Hacker News new | ask | show | jobs
by voidspark 408 days ago
Neurons are surprisingly not simple. Vastly more complex than the ultra simplified model in artificial neural networks.
2 comments

Most of the complexity is incidental to intelligence. It's mostly just the machinery of keeping the cell alive.

Most everything in biology is a clumsy hack accidentally discovered via evolution, and then optimised to death over aeons.

We can sidestep all that mess and extract just the core algorithm that is actually required for intelligence.

That is your assumption and it is wrong.

https://grok.com/share/bGVnYWN5_ab498084-58c4-4345-9140-07b5...

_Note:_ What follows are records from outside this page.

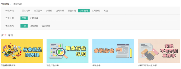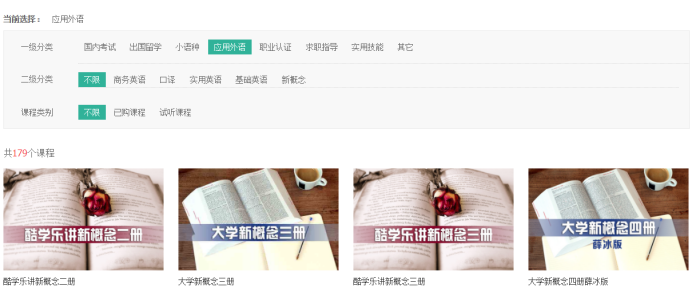 该平台涵盖国内考试、出国留学、小语种、应用外语、职业认证、求职指导、文献调研与信息素养等多类精品课程,欢迎大家随时进行在线学习。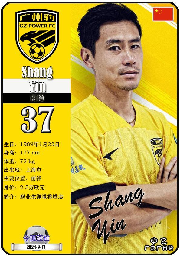 37 商隐:司职前锋,国籍为中国,现效力于中乙-广东广州豹足球俱乐部。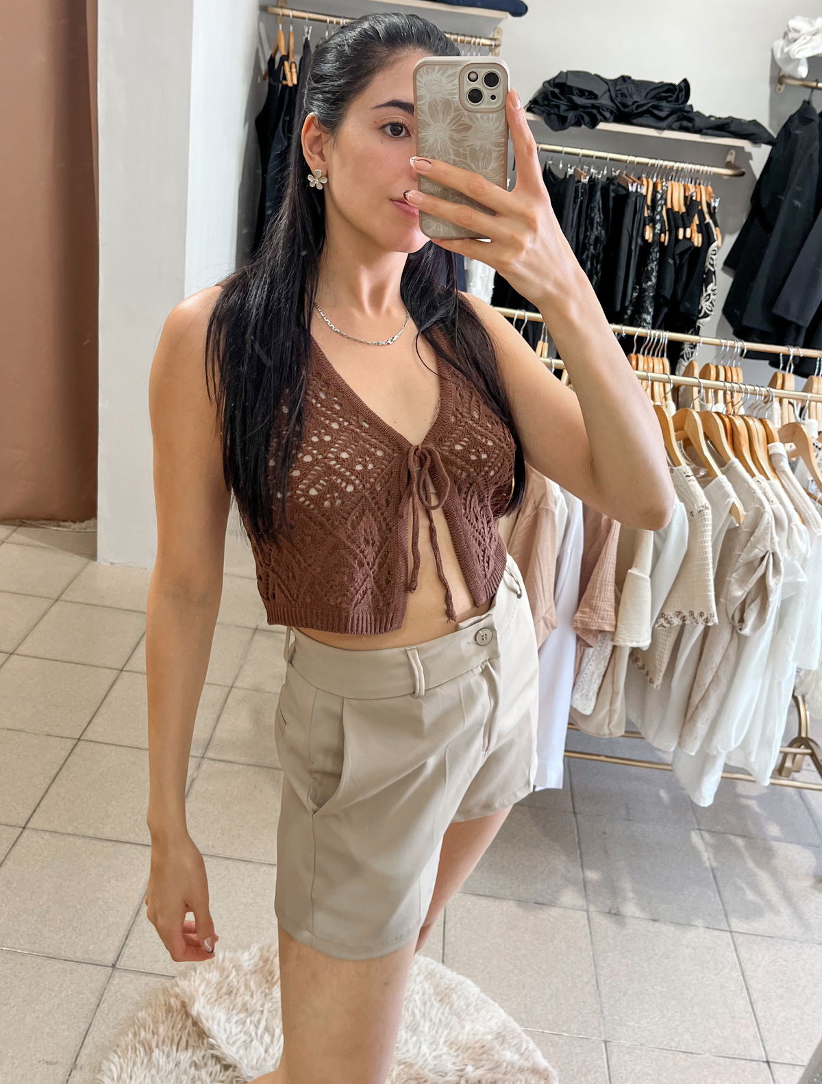 Meddias aproximadas: Ancho de hombros: 36cm Contorno de busto: 88cm (atado al máx) Largo total: 43cm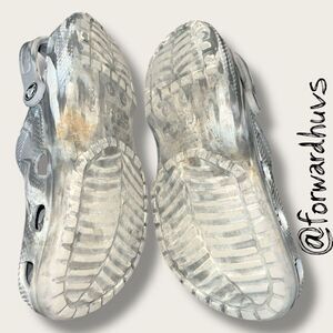 These Crocs Classic Marbled Clogs feature a unique marbled Croslite material, ensuring that no two pairs are exactly alike. The wavy design adds a distinctive touch to the iconic clog style, making them both stylish and functional.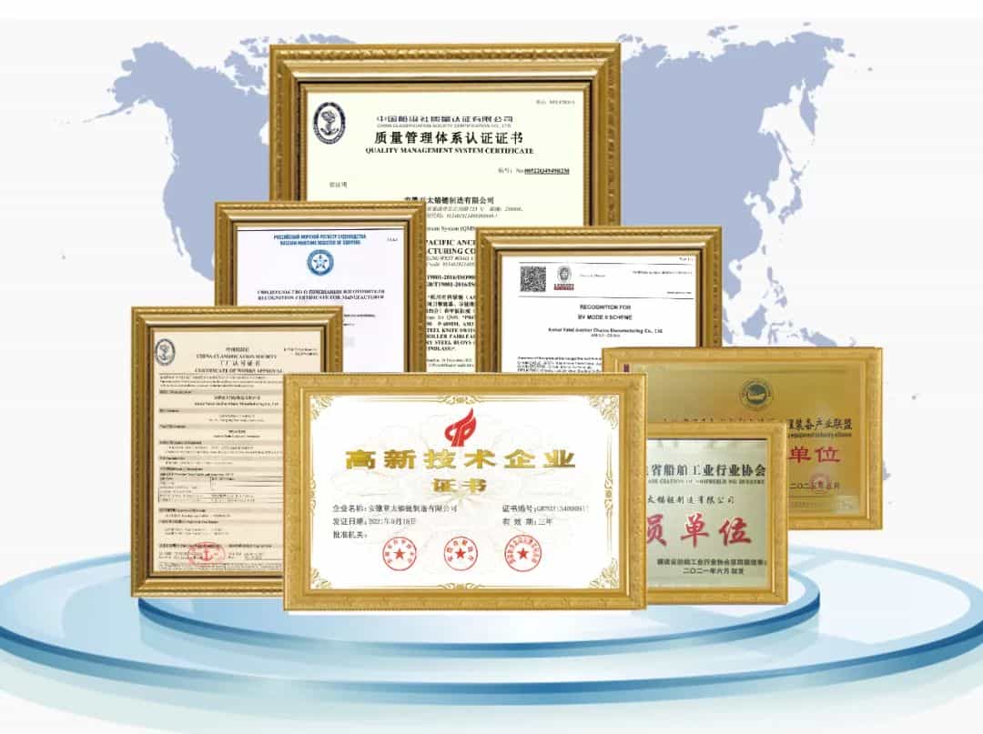 亞太錨鏈生產(chǎn)的產(chǎn)品,嚴(yán)格按照國家標(biāo)準(zhǔn)和船級社焊接規(guī)范要求生產(chǎn),并先后通過了GB/T19001-2016/IS09001: 2015質(zhì)量管理體系的認(rèn)證和中國(CCS)、俄羅斯(RS)、法國(BV)、美國(ABS)、印度(IRS)、德國(GL)、挪威(DNV)、日本(NK)、韓國(KR)、德國(GL)、意大利(RINA)等多國船級社的認(rèn)證,以及地方船檢(ZC)、漁檢(ZY)認(rèn)證。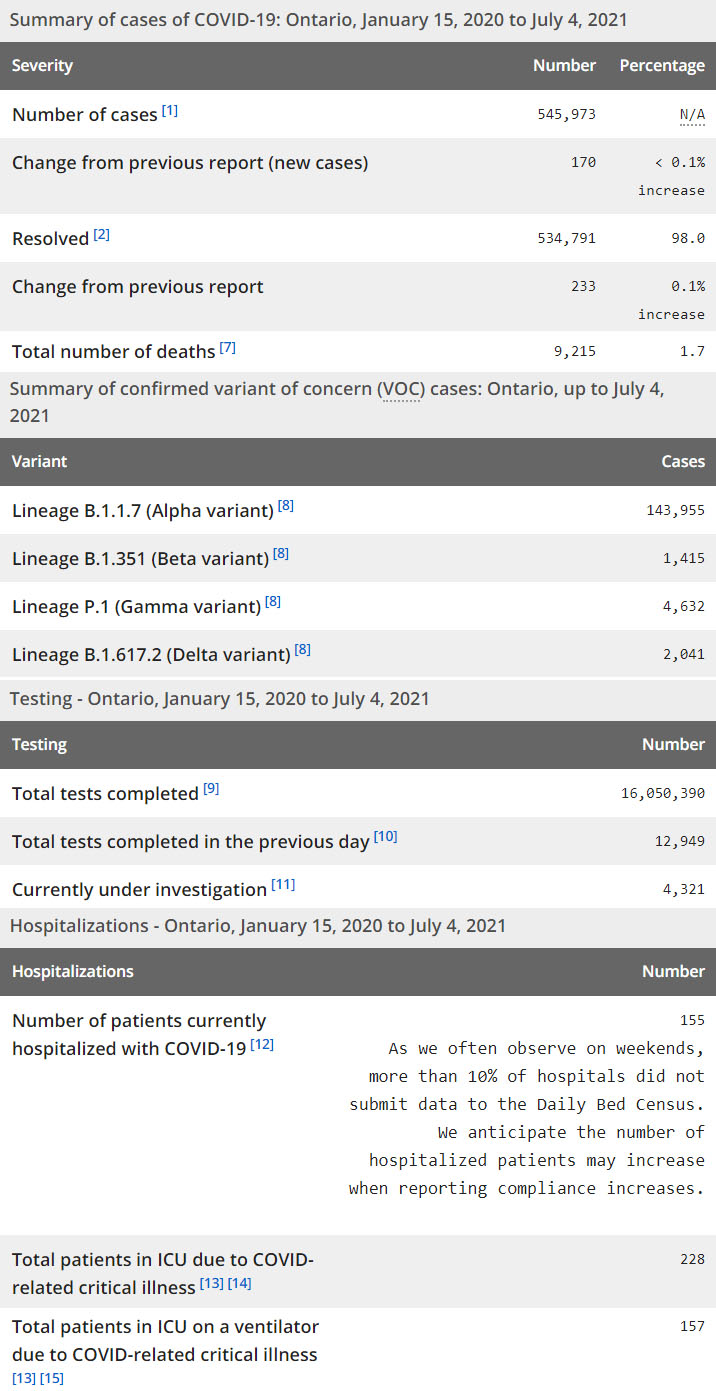 再看看安省方面的详细数据,截止7月4日,安省已对16,050,390例进行了新冠病毒检测(检测数较昨天新增12,949),还有4,321处于被调查阶段。确诊总数545,973(当天新增170,阳性率上升至1.31%),包括534,791例康复(康复率上升为98%)、9,215例死亡(增加1例,死亡率仍为1.7%)。住院患者155例(减少3,周末有10%医院未提交数据);进入ICU患者228例(减少7);IU插呼吸机患者157例(减少2)。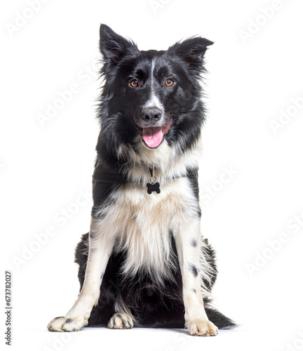 border collie, purebred dog, canino, dog, carnivore, mammal, pet, domestic, vertebrate, animal, studio, studio shot, nobody, no people, sheepdog, white background, cut-out, isolated on white, isolated, white, one animal, sitting

Biological Neuron: Processes information through complex, nonlinear integration of thousands of excitatory and inhibitory inputs across dendritic trees, producing spiking outputs with rich temporal patterns. It adapts dynamically via synaptic plasticity, neuromodulation, and structural changes, operating in a probabilistic, energy-efficient manner within oscillatory networks.

Artificial Neuron: Performs simple, linear summation of weighted inputs, applies a static activation function, and produces a single scalar output. It lacks temporal dynamics, local plasticity, or neuromodulation, operating deterministically with high computational cost and fixed connectivity.

This is interesting

https://chatgpt.com/share/68219da9-1e78-8007-b083-8a81bfbea2...

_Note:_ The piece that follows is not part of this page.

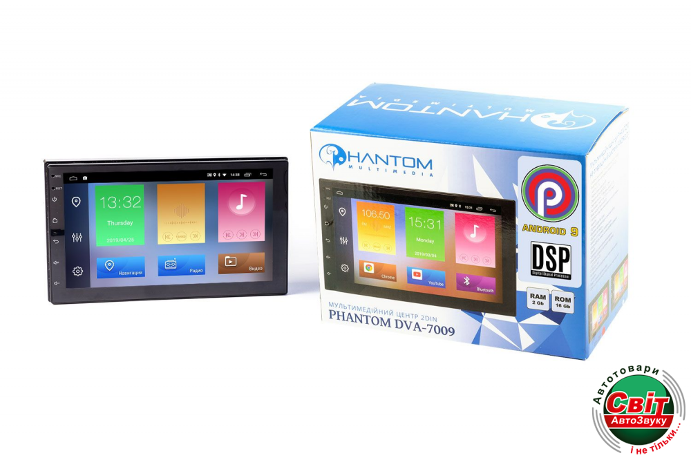 Автомагнітола Phantom DVA-7009 DSPЭто 2 DIN универсальный 7 дюймовый мультимедийный центр под управлением современной операционной системы Android 9 с использованием 4-ядерного процессора Cortex A7 с частотой 1,2 ГГц и 2 гигабайт оперативной памяти.

"Dendrites can implement non‑linear sub‑units and even logic‑gate‑like behavior before the soma integrates them, whereas the standard artificial neuron uses a plain weighted sum."

"Neurotransmitter diversity (e.g., glutamate, GABA, dopamine) allows different semantics on each connection. An artificial edge conveys only a signed scalar."

Neither are most functions, but locally, at a point, a linear approximation works just fine in practice.